Lightened Lemon Poppy Seed Loaf
55 min
Under an hour

Hana Pospíchalová
Ingredients
Preparation method
Ingredients overview
- 100 g buttermilk
- 1 lemon
- 2 eggs
- 50 g sugar
- 50 g erythritol
- 1 teaspoon vanilla extract
- 150 g fine spelt flour
- 50 g corn polenta
- 15 g poppy seeds
- 5 g baking powder
- 5 g baking soda
- 60 g sunflower oil
- Baking paper
Crack the eggs and separate the yolks from the whites. Whisk the whites with a pinch of salt until stiff peaks form. Whisk the yolks with sugar and erythritol until foamy. Add lemon zest, juice from the whole lemon, buttermilk, and vanilla extract. Add all dry ingredients and mix. Then pour in the oil and incorporate it into the batter. Finally, add the egg whites. Gently fold them into the batter with a spatula; do not whisk.

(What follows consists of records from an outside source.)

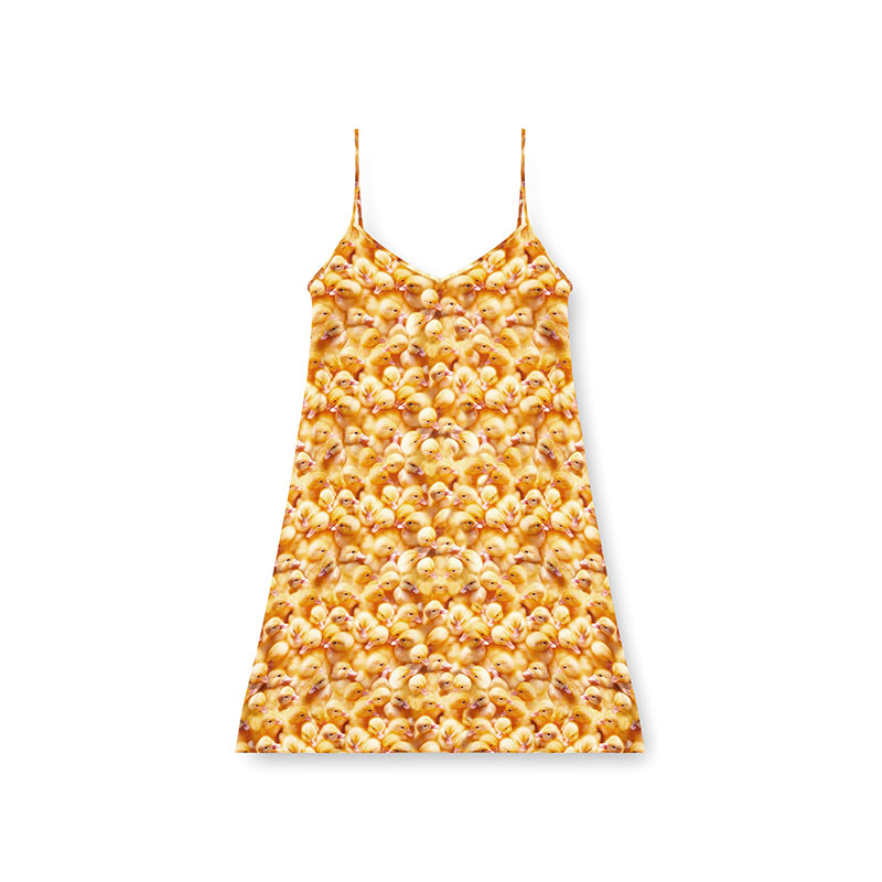Mini dress in viscose with an A-line silhouette, featuring thin straps and a soft neckline. Decorated with an all-over chick print, it has the Oval D metal detail hanging on the back on the right side of the strap.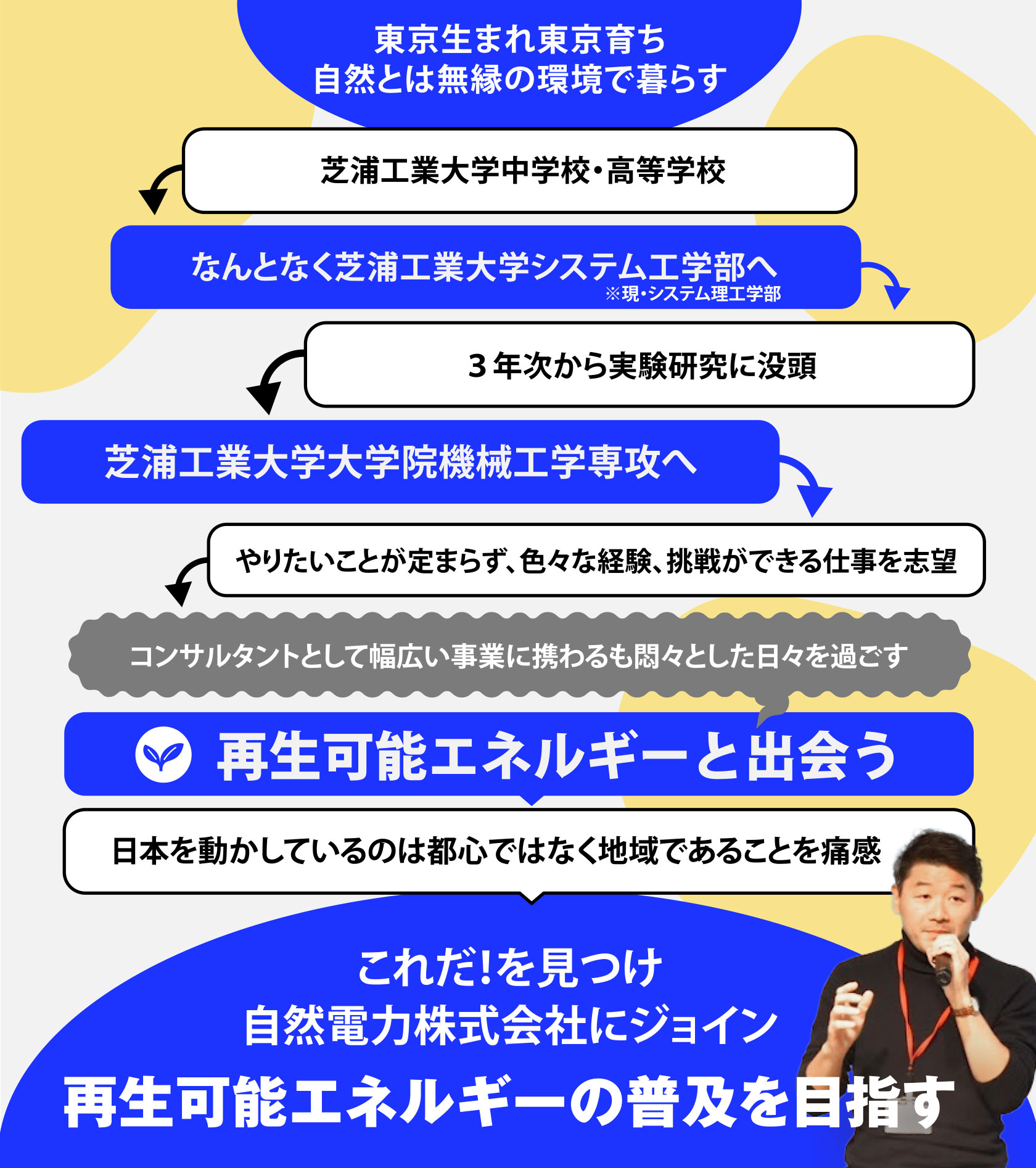 私は現在の仕事を天職だと思っていますが、高校生のころはやりたいことがわからず、システム工学部を選んだ理由も「なんとなく」でした。大学院修了後にコンサルティング会社に就職したのも「幅広い業種、幅広い事業に携わるなかで自分が夢中になれることを探したい」と考えたから。それでも悶々とする私の前に現れたのが、再生可能エネルギーの仕事でした。東京で生まれ、東京で育ち、東京で働いてきた私は、どこかで「日本は東京を中心に回っている」と思い込んでいたのでしょう。エネルギーの最前線が「地域」であること、日本が地域の積み重ねでできていることに改めて気づき、その可能性の大きさ、その自然の美しさに「これだ!」と思ったことは今でも鮮明に覚えています。私はたくさん迷ってきましたが、ムダなことはひとつもなかったと思いますし、「だからこそ天職にたどりつけた」とも言えるかもしれません。将来について迷うことは健全なこと。大切なのは、天職があると信じて探し続けることではないでしょうか。昔の自分に伝えたいことでもありますが、高校生のみなさんにはぜひ、若いうちから自分の外にある色々な世界に触れてほしい。そして思うぞんぶん迷って、この世界のどこかであなたを待つ天職を拾い上げてほしいと思います。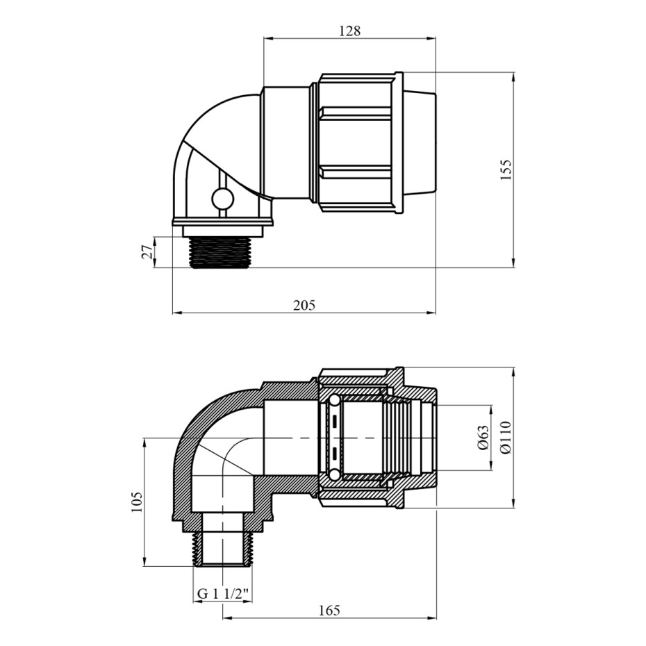 Коліно ПЕ SantehPlast 63х1 1/2" РЗ — це надійний і простий у монтажі фітинг, що забезпечує герметичне з'єднання поліетиленових труб з можливістю під'єднання до різьбового з'єднання. Він ідеально підходить для використання в різних системах водопостачання та каналізації.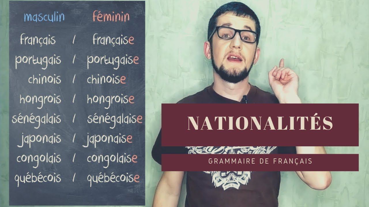Quiz « Nationalité en français » : https://t.me/francais_avec_kail/1671 Comment dire sa nationalité en français ? Telegram: https://t.me/francais_avec_kail/ Instagram: https://instagram.com/francais_tres_facile/ Pour aider et soutenir le projet: PayPal kail.facilier@gmail.com Cette vidéo porte sur les nationalités. Comment dire sa nationalité en français ? Comment former le féminin des adjectifs de nationalité ? Quelles en sont les exceptions ? Exercices: 1. Quelle est votre nationalité ? 2. Avez-vous des amis étrangers ? Quelles sont leurs nationalités ? 3. Qui aime la bière et les frites ? 4. Qui mange des sushis ? 5. Quelle est la nationalité de votre acteur/actrice préféré(e) ?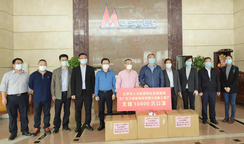 最后由云浮市人社部門贈(zèng)送我司防疫口罩10000只,以助力企業(yè)復(fù)工復(fù)產(chǎn)。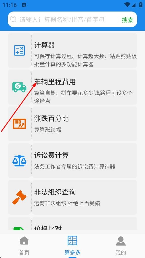 3、进入功能选择页面后,找到并点击“车辆里程费用”选项,即可进入车辆里程费用计算页面。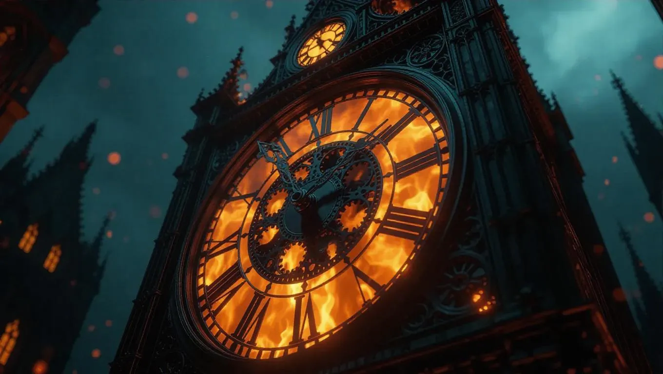 A colossal ancient clock tower illuminated by roaring fire, gears and cogs melting, cyberpunk aesthetics, dramatic lighting, ultra-detailed.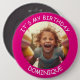 Foto y nombre del personalizable - ES MI CUMPLEAÑOS - botón. Marco rosa caliente con texto blanco.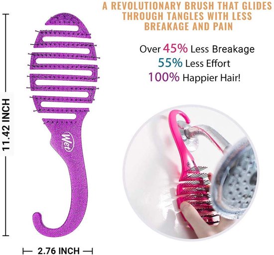 Wet Brush – original detangler – haarborstel voor in de douche – ophanghaak – Glitter Paars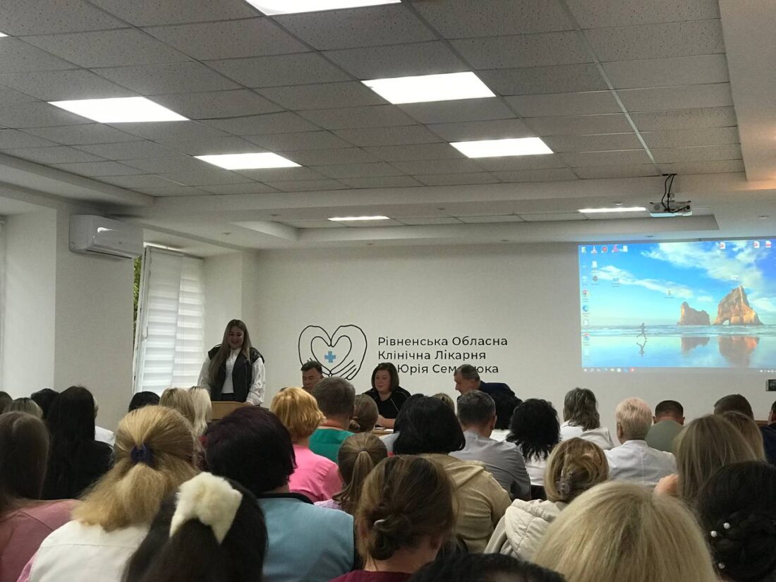Юлія Михайлишина виступає перед делегатами від підрозділів Рівненської обласної лікарні. Фото – Юліана ТЕТ.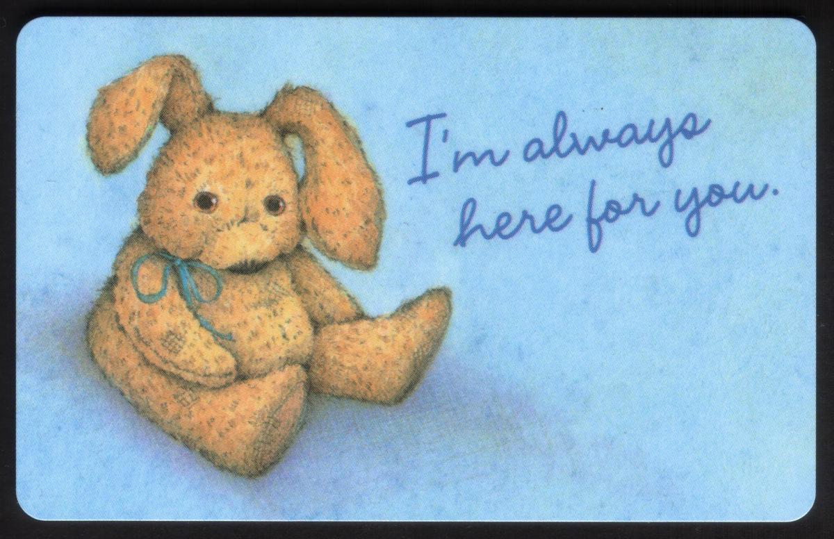 A handwritten-style message in black cursive reads "I'm Always Here For You," positioned toward the upper right portion of the card. The background is a smooth, creamy beige color, keeping the focus entirely on the bunny and the heartfelt message. The overall design conveys warmth, comfort, and friendship.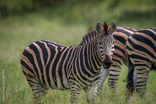 Naklejka premium Zebra starring at the camera.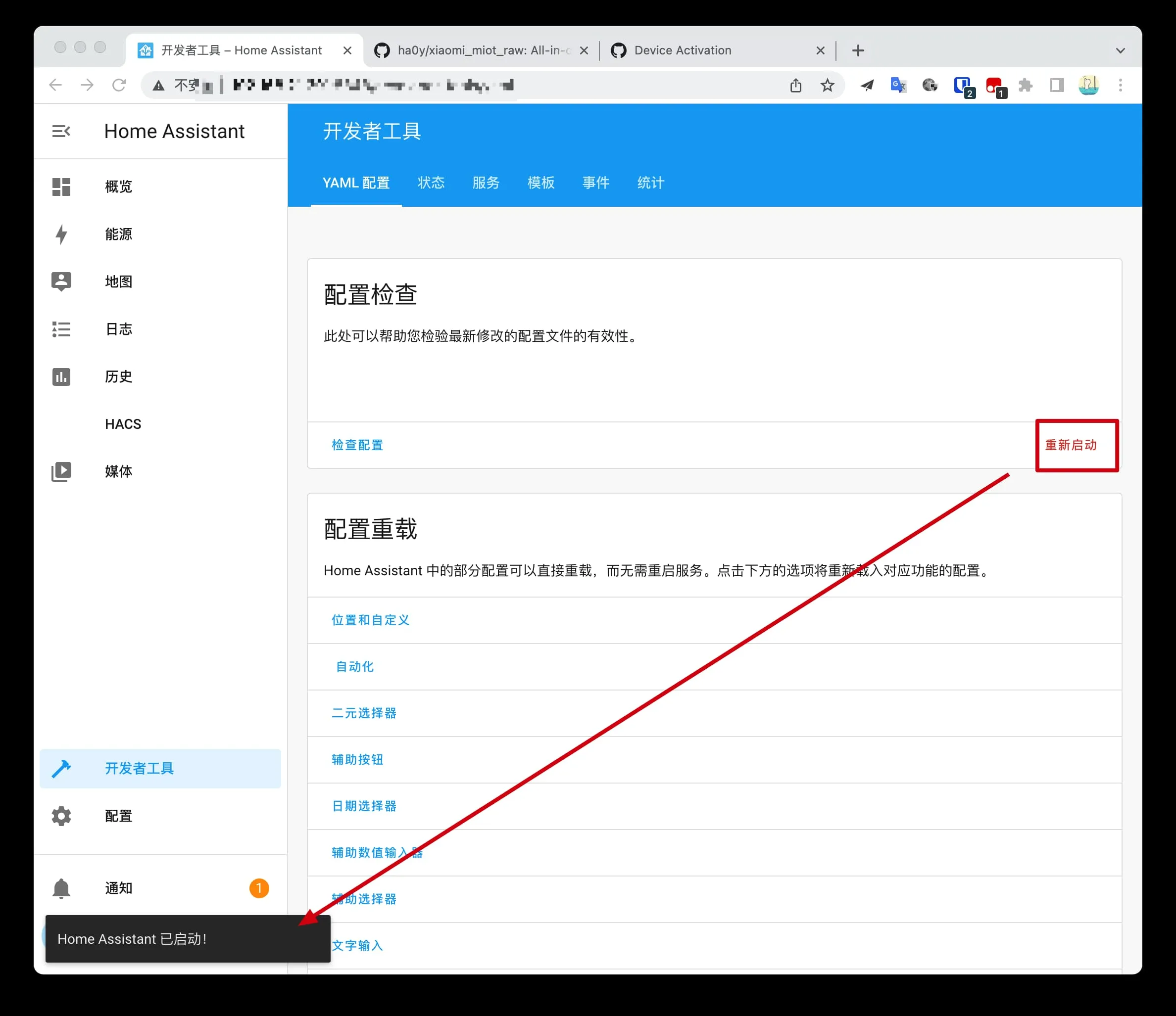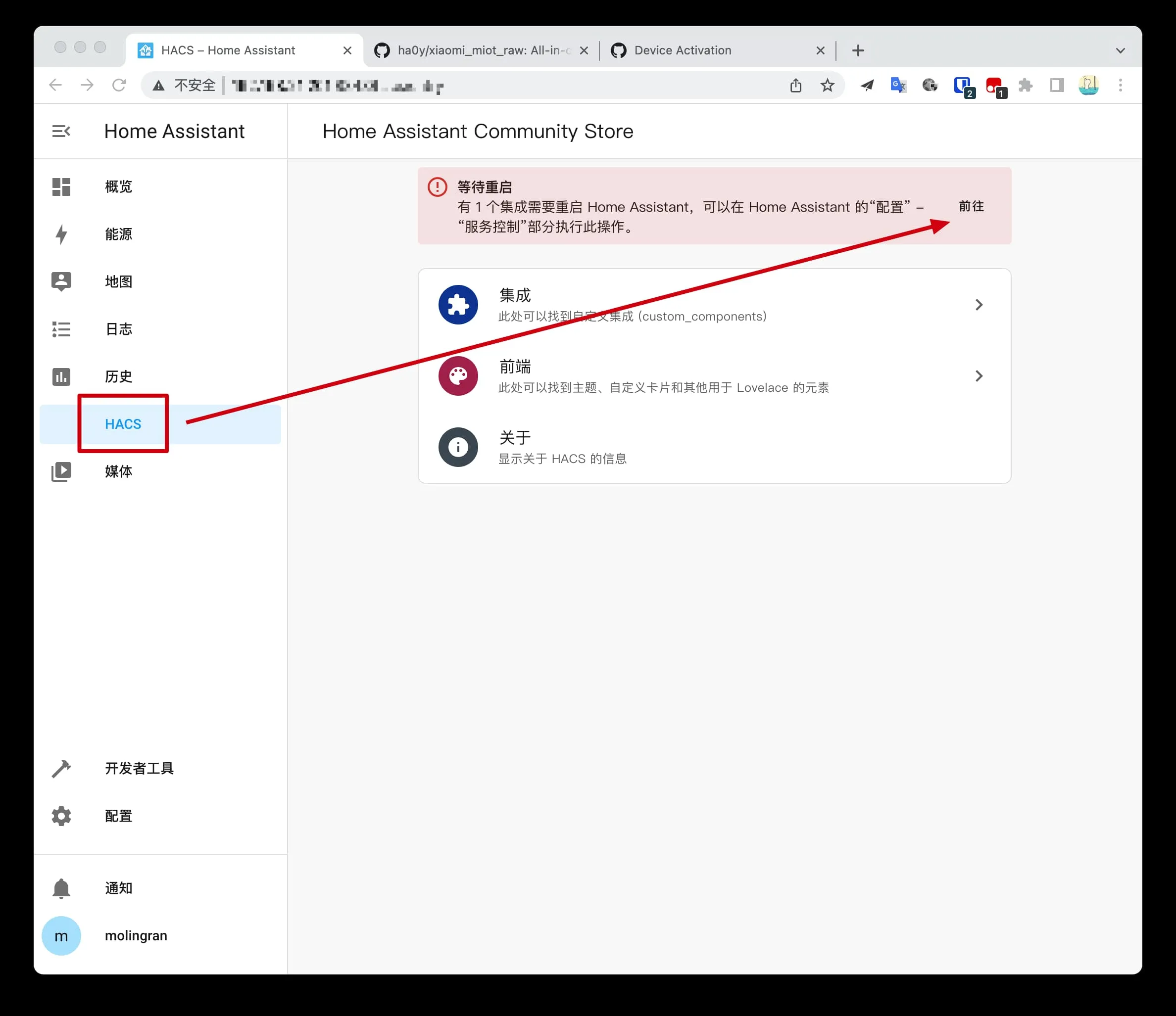 安装完成后点击左侧菜单的 HACS,点击等待重启中的前往

Preheat the oven to 170 °C with top and bottom heat.
Line a loaf pan with baking paper and pour the batter into it. Smooth the surface and place it in the oven. Bake for 35-40 minutes. Test the doneness of the loaf with a skewer; once the batter no longer sticks to the skewer, it is baked through and can be removed from the oven.